> _Instructions to follow_
Where the listing shows an image, skip it and output all other material unchanged.

> _Given material_
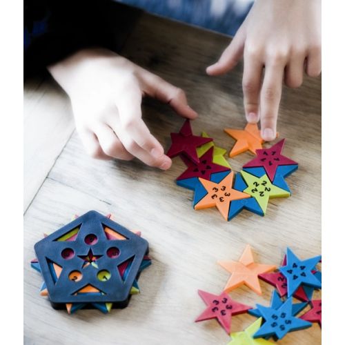 2. Как в настольную игру. Количество участников от 2 и более. Игра проходит в 2 раунда: в первом учитывается собранная звезда только по цветам, второй раунд сложнее, кроме цветов учитываются еще и цифры элементов.
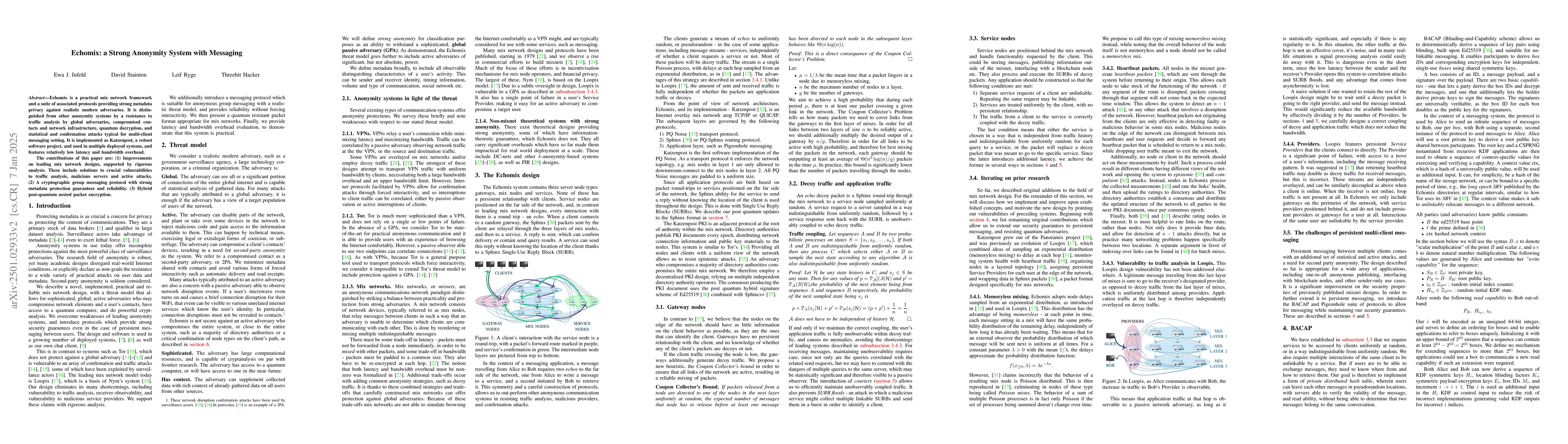 Echomix presents a mix network framework with associated protocols, offering strong metadata privacy, improvements over existing designs, a cryptographic group messaging protocol, and hybrid post-quantum nested packet encryption.
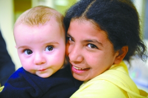 2月1日,巴黎,諾喬德·阿里(右)與一名兒童合影。
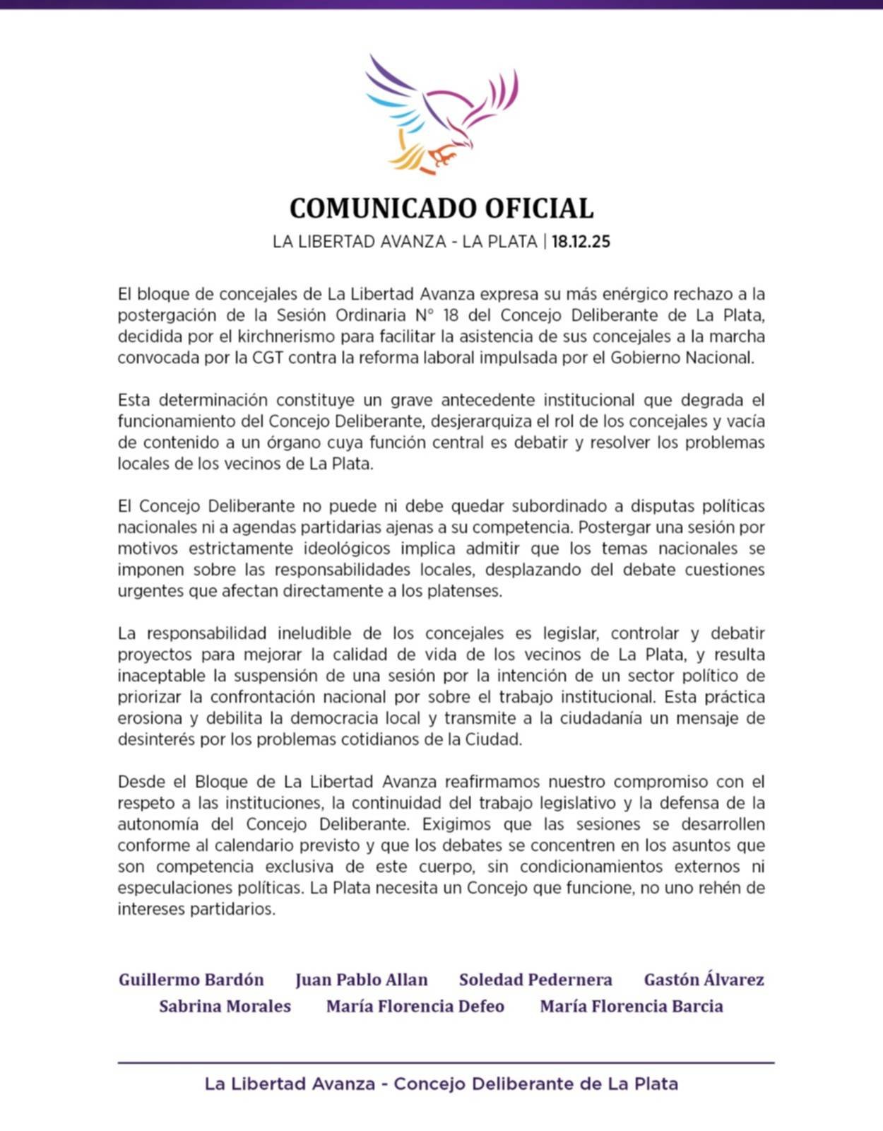 A través de un comunicado oficial los ediles libertarios expresaron su “más enérgico rechazo” a la postergación de la sesión, al considerar que la decisión fue tomada para facilitar la asistencia de concejales oficialistas a la marcha convocada por la CGT opposite la reforma laboral impulsada por el Gobierno nacional En ese marco, advirtieron que se trata de un “serious antecedente institucional” que degrada el rol del Concejo y vacía de contenido a un ámbito cuya función main es debatir y resolver los problemas de los vecinos de la Ciudad.

> _Completed exercise_
 2. Как в настольную игру. Количество участников от 2 и более. Игра проходит в 2 раунда: в первом учитывается собранная звезда только по цветам, второй раунд сложнее, кроме цветов учитываются еще и цифры элементов.
 Echomix presents a mix network framework with associated protocols, offering strong metadata privacy, improvements over existing designs, a cryptographic group messaging protocol, and hybrid post-quantum nested packet encryption.
 2月1日,巴黎,諾喬德·阿里(右)與一名兒童合影。
 A través de un comunicado oficial los ediles libertarios expresaron su “más enérgico rechazo” a la postergación de la sesión, al considerar que la decisión fue tomada para facilitar la asistencia de concejales oficialistas a la marcha convocada por la CGT opposite la reforma laboral impulsada por el Gobierno nacional En ese marco, advirtieron que se trata de un “serious antecedente institucional” que degrada el rol del Concejo y vacía de contenido a un ámbito cuya función main es debatir y resolver los problemas de los vecinos de la Ciudad.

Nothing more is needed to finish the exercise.